- **Exercise goal**: Retype each entry exactly.

Items listed in a dataset
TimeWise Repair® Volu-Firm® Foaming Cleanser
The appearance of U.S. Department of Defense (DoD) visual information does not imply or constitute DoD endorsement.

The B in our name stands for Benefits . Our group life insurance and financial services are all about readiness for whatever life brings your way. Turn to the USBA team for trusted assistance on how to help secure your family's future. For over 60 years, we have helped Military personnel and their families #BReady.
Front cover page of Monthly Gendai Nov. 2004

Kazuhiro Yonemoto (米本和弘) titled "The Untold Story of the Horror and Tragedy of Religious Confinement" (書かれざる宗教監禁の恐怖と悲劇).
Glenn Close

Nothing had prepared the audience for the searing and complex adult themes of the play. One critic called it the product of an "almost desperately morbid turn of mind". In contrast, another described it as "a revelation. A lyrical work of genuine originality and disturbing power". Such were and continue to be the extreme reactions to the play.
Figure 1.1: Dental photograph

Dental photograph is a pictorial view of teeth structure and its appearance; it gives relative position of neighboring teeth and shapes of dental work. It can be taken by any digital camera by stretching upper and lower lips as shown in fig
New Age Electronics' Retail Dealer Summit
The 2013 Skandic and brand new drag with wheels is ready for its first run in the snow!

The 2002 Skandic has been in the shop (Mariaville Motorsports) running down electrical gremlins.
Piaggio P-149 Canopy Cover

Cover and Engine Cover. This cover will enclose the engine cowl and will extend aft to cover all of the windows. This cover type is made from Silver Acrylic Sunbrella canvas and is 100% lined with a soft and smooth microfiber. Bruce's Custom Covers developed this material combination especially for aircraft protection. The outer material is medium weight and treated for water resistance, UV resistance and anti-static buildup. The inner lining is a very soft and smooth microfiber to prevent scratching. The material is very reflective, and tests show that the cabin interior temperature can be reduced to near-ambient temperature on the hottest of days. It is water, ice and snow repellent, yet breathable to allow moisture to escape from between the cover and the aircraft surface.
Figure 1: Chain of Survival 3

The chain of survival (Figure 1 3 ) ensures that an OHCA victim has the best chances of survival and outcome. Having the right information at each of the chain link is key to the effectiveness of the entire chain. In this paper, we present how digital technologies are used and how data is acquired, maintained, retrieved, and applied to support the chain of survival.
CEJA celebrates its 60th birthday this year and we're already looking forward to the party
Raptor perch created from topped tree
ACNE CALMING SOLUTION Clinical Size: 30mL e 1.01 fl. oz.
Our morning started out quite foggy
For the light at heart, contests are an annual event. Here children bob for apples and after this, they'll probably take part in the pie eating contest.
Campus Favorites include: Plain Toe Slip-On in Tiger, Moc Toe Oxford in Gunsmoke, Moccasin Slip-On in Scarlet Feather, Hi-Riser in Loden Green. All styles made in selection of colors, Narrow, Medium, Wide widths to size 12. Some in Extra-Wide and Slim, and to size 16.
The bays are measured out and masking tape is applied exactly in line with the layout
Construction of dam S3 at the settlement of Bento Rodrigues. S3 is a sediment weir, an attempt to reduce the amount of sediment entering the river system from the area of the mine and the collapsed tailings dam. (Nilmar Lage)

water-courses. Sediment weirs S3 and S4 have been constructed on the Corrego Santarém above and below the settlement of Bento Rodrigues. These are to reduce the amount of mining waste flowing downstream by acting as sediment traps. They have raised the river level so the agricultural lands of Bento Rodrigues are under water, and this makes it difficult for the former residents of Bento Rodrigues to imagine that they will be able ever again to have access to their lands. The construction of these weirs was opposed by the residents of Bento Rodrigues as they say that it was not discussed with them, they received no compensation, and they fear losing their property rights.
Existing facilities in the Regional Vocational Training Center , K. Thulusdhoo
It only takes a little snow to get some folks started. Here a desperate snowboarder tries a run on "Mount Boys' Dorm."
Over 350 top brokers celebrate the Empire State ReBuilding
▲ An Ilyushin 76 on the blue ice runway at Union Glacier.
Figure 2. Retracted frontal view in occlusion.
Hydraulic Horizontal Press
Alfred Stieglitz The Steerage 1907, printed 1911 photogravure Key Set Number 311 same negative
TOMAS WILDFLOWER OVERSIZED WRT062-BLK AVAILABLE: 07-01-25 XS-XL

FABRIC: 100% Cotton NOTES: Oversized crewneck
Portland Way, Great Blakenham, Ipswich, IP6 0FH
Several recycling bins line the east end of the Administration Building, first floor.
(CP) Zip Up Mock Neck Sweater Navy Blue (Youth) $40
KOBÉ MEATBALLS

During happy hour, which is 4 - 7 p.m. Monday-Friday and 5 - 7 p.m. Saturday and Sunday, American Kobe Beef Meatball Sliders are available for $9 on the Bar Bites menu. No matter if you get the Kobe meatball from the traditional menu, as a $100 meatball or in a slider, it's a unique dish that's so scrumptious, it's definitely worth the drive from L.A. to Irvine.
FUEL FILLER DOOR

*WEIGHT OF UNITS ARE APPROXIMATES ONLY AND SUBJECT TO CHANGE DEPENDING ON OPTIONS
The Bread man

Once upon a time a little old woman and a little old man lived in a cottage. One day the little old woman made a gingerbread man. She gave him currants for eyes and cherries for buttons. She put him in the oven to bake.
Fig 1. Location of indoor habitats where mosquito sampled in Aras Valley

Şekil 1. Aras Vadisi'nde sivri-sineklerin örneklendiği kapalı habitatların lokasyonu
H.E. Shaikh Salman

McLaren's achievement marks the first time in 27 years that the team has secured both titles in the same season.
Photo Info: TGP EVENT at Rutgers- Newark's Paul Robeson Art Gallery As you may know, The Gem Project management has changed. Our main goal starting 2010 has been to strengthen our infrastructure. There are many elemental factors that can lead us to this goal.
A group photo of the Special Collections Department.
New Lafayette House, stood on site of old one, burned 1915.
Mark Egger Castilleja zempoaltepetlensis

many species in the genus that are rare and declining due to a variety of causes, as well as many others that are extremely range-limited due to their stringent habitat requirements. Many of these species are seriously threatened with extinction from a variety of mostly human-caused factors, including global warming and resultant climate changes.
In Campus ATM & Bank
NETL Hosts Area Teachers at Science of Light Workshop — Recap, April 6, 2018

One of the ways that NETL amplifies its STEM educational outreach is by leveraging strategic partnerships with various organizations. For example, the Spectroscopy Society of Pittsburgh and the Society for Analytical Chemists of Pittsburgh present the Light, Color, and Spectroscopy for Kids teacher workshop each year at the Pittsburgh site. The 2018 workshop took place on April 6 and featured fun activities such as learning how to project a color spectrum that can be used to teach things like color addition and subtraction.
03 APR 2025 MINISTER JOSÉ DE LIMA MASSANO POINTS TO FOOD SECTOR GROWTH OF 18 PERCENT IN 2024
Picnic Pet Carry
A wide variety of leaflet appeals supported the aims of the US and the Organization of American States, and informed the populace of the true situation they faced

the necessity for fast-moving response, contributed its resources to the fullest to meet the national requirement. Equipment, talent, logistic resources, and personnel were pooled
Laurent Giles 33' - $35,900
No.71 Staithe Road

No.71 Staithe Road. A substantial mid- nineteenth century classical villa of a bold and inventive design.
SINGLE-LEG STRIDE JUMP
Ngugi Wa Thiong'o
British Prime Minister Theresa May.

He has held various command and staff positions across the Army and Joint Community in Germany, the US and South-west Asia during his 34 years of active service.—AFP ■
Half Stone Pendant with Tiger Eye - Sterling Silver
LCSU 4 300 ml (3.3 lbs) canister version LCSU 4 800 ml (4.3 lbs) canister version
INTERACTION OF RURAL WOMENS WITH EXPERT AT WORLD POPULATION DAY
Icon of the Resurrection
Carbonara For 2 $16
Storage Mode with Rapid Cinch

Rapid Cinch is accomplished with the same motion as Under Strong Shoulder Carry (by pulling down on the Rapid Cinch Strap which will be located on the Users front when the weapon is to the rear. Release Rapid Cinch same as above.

- **Written solution**:
TimeWise Repair® Volu-Firm® Foaming Cleanser
The appearance of U.S. Department of Defense (DoD) visual information does not imply or constitute DoD endorsement.

The B in our name stands for Benefits . Our group life insurance and financial services are all about readiness for whatever life brings your way. Turn to the USBA team for trusted assistance on how to help secure your family's future. For over 60 years, we have helped Military personnel and their families #BReady.
Front cover page of Monthly Gendai Nov. 2004

Kazuhiro Yonemoto (米本和弘) titled "The Untold Story of the Horror and Tragedy of Religious Confinement" (書かれざる宗教監禁の恐怖と悲劇).
Glenn Close

Nothing had prepared the audience for the searing and complex adult themes of the play. One critic called it the product of an "almost desperately morbid turn of mind". In contrast, another described it as "a revelation. A lyrical work of genuine originality and disturbing power". Such were and continue to be the extreme reactions to the play.
Figure 1.1: Dental photograph

Dental photograph is a pictorial view of teeth structure and its appearance; it gives relative position of neighboring teeth and shapes of dental work. It can be taken by any digital camera by stretching upper and lower lips as shown in fig
New Age Electronics' Retail Dealer Summit
The 2013 Skandic and brand new drag with wheels is ready for its first run in the snow!

The 2002 Skandic has been in the shop (Mariaville Motorsports) running down electrical gremlins.
Piaggio P-149 Canopy Cover

Cover and Engine Cover. This cover will enclose the engine cowl and will extend aft to cover all of the windows. This cover type is made from Silver Acrylic Sunbrella canvas and is 100% lined with a soft and smooth microfiber. Bruce's Custom Covers developed this material combination especially for aircraft protection. The outer material is medium weight and treated for water resistance, UV resistance and anti-static buildup. The inner lining is a very soft and smooth microfiber to prevent scratching. The material is very reflective, and tests show that the cabin interior temperature can be reduced to near-ambient temperature on the hottest of days. It is water, ice and snow repellent, yet breathable to allow moisture to escape from between the cover and the aircraft surface.
Figure 1: Chain of Survival 3

The chain of survival (Figure 1 3 ) ensures that an OHCA victim has the best chances of survival and outcome. Having the right information at each of the chain link is key to the effectiveness of the entire chain. In this paper, we present how digital technologies are used and how data is acquired, maintained, retrieved, and applied to support the chain of survival.
CEJA celebrates its 60th birthday this year and we're already looking forward to the party
Raptor perch created from topped tree
ACNE CALMING SOLUTION Clinical Size: 30mL e 1.01 fl. oz.
Our morning started out quite foggy
For the light at heart, contests are an annual event. Here children bob for apples and after this, they'll probably take part in the pie eating contest.
Campus Favorites include: Plain Toe Slip-On in Tiger, Moc Toe Oxford in Gunsmoke, Moccasin Slip-On in Scarlet Feather, Hi-Riser in Loden Green. All styles made in selection of colors, Narrow, Medium, Wide widths to size 12. Some in Extra-Wide and Slim, and to size 16.
The bays are measured out and masking tape is applied exactly in line with the layout
Construction of dam S3 at the settlement of Bento Rodrigues. S3 is a sediment weir, an attempt to reduce the amount of sediment entering the river system from the area of the mine and the collapsed tailings dam. (Nilmar Lage)

water-courses. Sediment weirs S3 and S4 have been constructed on the Corrego Santarém above and below the settlement of Bento Rodrigues. These are to reduce the amount of mining waste flowing downstream by acting as sediment traps. They have raised the river level so the agricultural lands of Bento Rodrigues are under water, and this makes it difficult for the former residents of Bento Rodrigues to imagine that they will be able ever again to have access to their lands. The construction of these weirs was opposed by the residents of Bento Rodrigues as they say that it was not discussed with them, they received no compensation, and they fear losing their property rights.
Existing facilities in the Regional Vocational Training Center , K. Thulusdhoo
It only takes a little snow to get some folks started. Here a desperate snowboarder tries a run on "Mount Boys' Dorm."
Over 350 top brokers celebrate the Empire State ReBuilding
▲ An Ilyushin 76 on the blue ice runway at Union Glacier.
Figure 2. Retracted frontal view in occlusion.
Hydraulic Horizontal Press
Alfred Stieglitz The Steerage 1907, printed 1911 photogravure Key Set Number 311 same negative
TOMAS WILDFLOWER OVERSIZED WRT062-BLK AVAILABLE: 07-01-25 XS-XL

FABRIC: 100% Cotton NOTES: Oversized crewneck
Portland Way, Great Blakenham, Ipswich, IP6 0FH
Several recycling bins line the east end of the Administration Building, first floor.
(CP) Zip Up Mock Neck Sweater Navy Blue (Youth) $40
KOBÉ MEATBALLS

During happy hour, which is 4 - 7 p.m. Monday-Friday and 5 - 7 p.m. Saturday and Sunday, American Kobe Beef Meatball Sliders are available for $9 on the Bar Bites menu. No matter if you get the Kobe meatball from the traditional menu, as a $100 meatball or in a slider, it's a unique dish that's so scrumptious, it's definitely worth the drive from L.A. to Irvine.
FUEL FILLER DOOR

*WEIGHT OF UNITS ARE APPROXIMATES ONLY AND SUBJECT TO CHANGE DEPENDING ON OPTIONS
The Bread man

Once upon a time a little old woman and a little old man lived in a cottage. One day the little old woman made a gingerbread man. She gave him currants for eyes and cherries for buttons. She put him in the oven to bake.
Fig 1. Location of indoor habitats where mosquito sampled in Aras Valley

Şekil 1. Aras Vadisi'nde sivri-sineklerin örneklendiği kapalı habitatların lokasyonu
H.E. Shaikh Salman

McLaren's achievement marks the first time in 27 years that the team has secured both titles in the same season.
Photo Info: TGP EVENT at Rutgers- Newark's Paul Robeson Art Gallery As you may know, The Gem Project management has changed. Our main goal starting 2010 has been to strengthen our infrastructure. There are many elemental factors that can lead us to this goal.
A group photo of the Special Collections Department.
New Lafayette House, stood on site of old one, burned 1915.
Mark Egger Castilleja zempoaltepetlensis

many species in the genus that are rare and declining due to a variety of causes, as well as many others that are extremely range-limited due to their stringent habitat requirements. Many of these species are seriously threatened with extinction from a variety of mostly human-caused factors, including global warming and resultant climate changes.
In Campus ATM & Bank
NETL Hosts Area Teachers at Science of Light Workshop — Recap, April 6, 2018

One of the ways that NETL amplifies its STEM educational outreach is by leveraging strategic partnerships with various organizations. For example, the Spectroscopy Society of Pittsburgh and the Society for Analytical Chemists of Pittsburgh present the Light, Color, and Spectroscopy for Kids teacher workshop each year at the Pittsburgh site. The 2018 workshop took place on April 6 and featured fun activities such as learning how to project a color spectrum that can be used to teach things like color addition and subtraction.
03 APR 2025 MINISTER JOSÉ DE LIMA MASSANO POINTS TO FOOD SECTOR GROWTH OF 18 PERCENT IN 2024
Picnic Pet Carry
A wide variety of leaflet appeals supported the aims of the US and the Organization of American States, and informed the populace of the true situation they faced

the necessity for fast-moving response, contributed its resources to the fullest to meet the national requirement. Equipment, talent, logistic resources, and personnel were pooled
Laurent Giles 33' - $35,900
No.71 Staithe Road

No.71 Staithe Road. A substantial mid- nineteenth century classical villa of a bold and inventive design.
SINGLE-LEG STRIDE JUMP
Ngugi Wa Thiong'o
British Prime Minister Theresa May.

He has held various command and staff positions across the Army and Joint Community in Germany, the US and South-west Asia during his 34 years of active service.—AFP ■
Half Stone Pendant with Tiger Eye - Sterling Silver
LCSU 4 300 ml (3.3 lbs) canister version LCSU 4 800 ml (4.3 lbs) canister version
INTERACTION OF RURAL WOMENS WITH EXPERT AT WORLD POPULATION DAY
Icon of the Resurrection
Carbonara For 2 $16
Storage Mode with Rapid Cinch

Rapid Cinch is accomplished with the same motion as Under Strong Shoulder Carry (by pulling down on the Rapid Cinch Strap which will be located on the Users front when the weapon is to the rear. Release Rapid Cinch same as above.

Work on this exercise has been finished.